Monday, 23 November 2009

Warren Buffett's Midas touch

The decisions that have made Buffett the second wealthiest man in the world have included investments in Coca-Cola, American Express, Gillette, The Washington Post and Wells Fargo, plus some major acquisitions in the fields of insurance, house building and building materials, clothing and furniture.  During 2003 Buffett, contrary to some market expectations, engaged in currency speculation against the dollar.  By the end of the year his company held some $12 billion in foreign currency.

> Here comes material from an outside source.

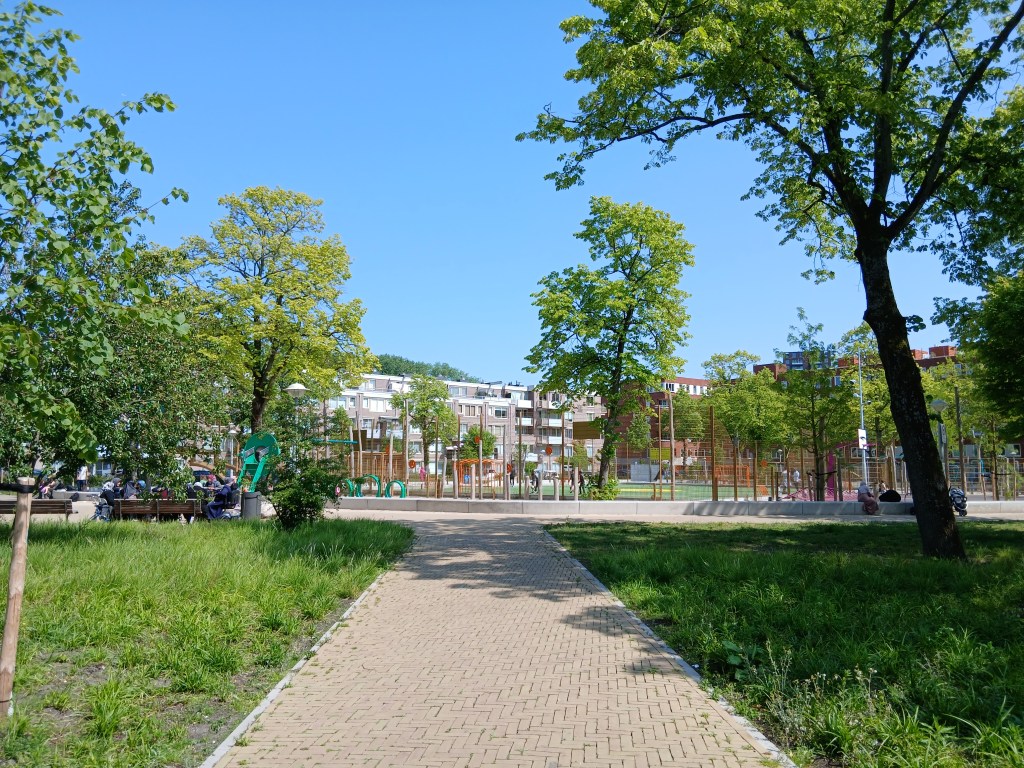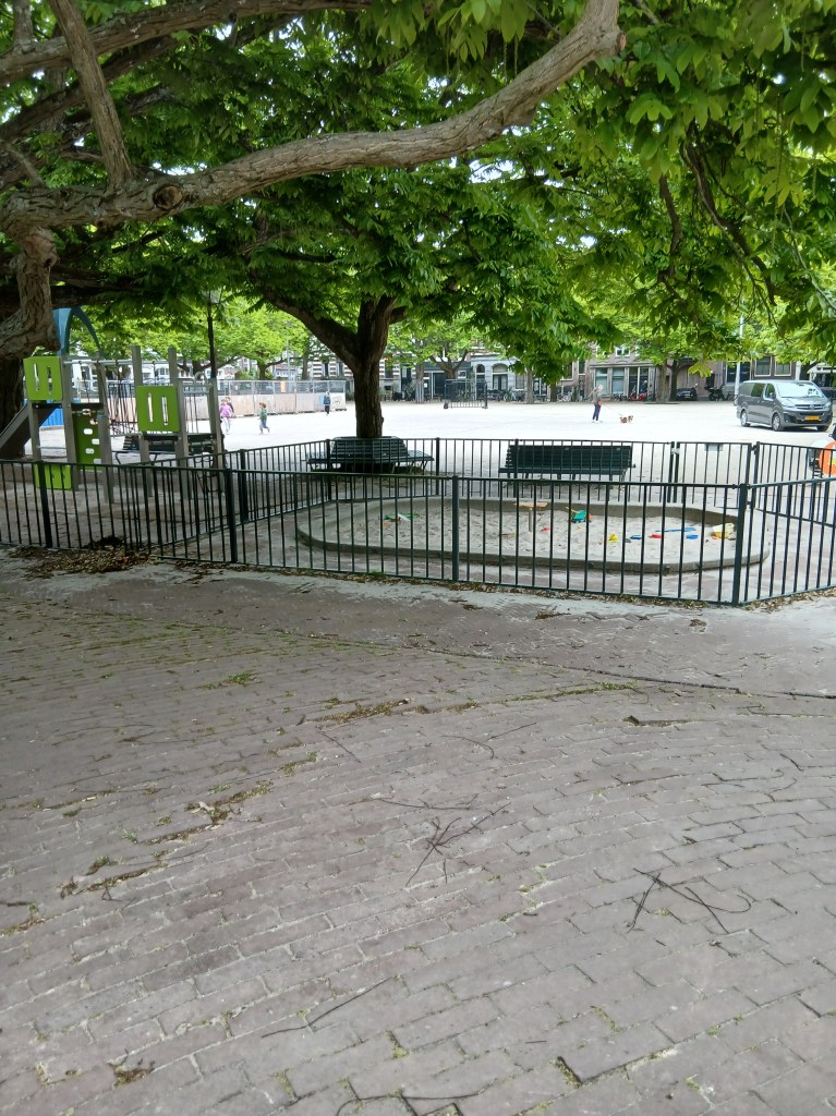 Ook een paar honderd meter verderop een geweldig groen speelterrein (Sumatraplantsoen) waar ouders met kinderen zijn, maar ook grootouders (?? of gewoon ouderen uit de buurt?) hun hangplek hebben gevonden met zelf meegebrachte koffie en thee. Daar, links, achter de bomen..

Buffett's success is founded on information.  When, during the 1990s, undervalued stocks were becoming more difficult to find, Buffett turned his attention to corporate acquisitions.  His next field of operation, in 2002, was junk bonds - until prices rose.  The subsequent foreign currency operation built on the US trade deficit when foreign investors were flooded with dollars.

Buffett takes a long-term view and typically shuns debt.  During the dot-com boom he preferred to steer clear of high-tech stocks, his attitude appearing old-fashioned to many.  In the event, his preference for more traditional and easily understood firms and products bore fruit.  He had correctly gauged the low probability of dotcom stocks rising.  He likes to ask 'discomforting questions' to avoid biased decision making.

Buffett also understands the need to avoid fatal downsides.  He has said that he has 'never believed in risking what my family and friends have and need in order to pursue what they don't have and don't need'.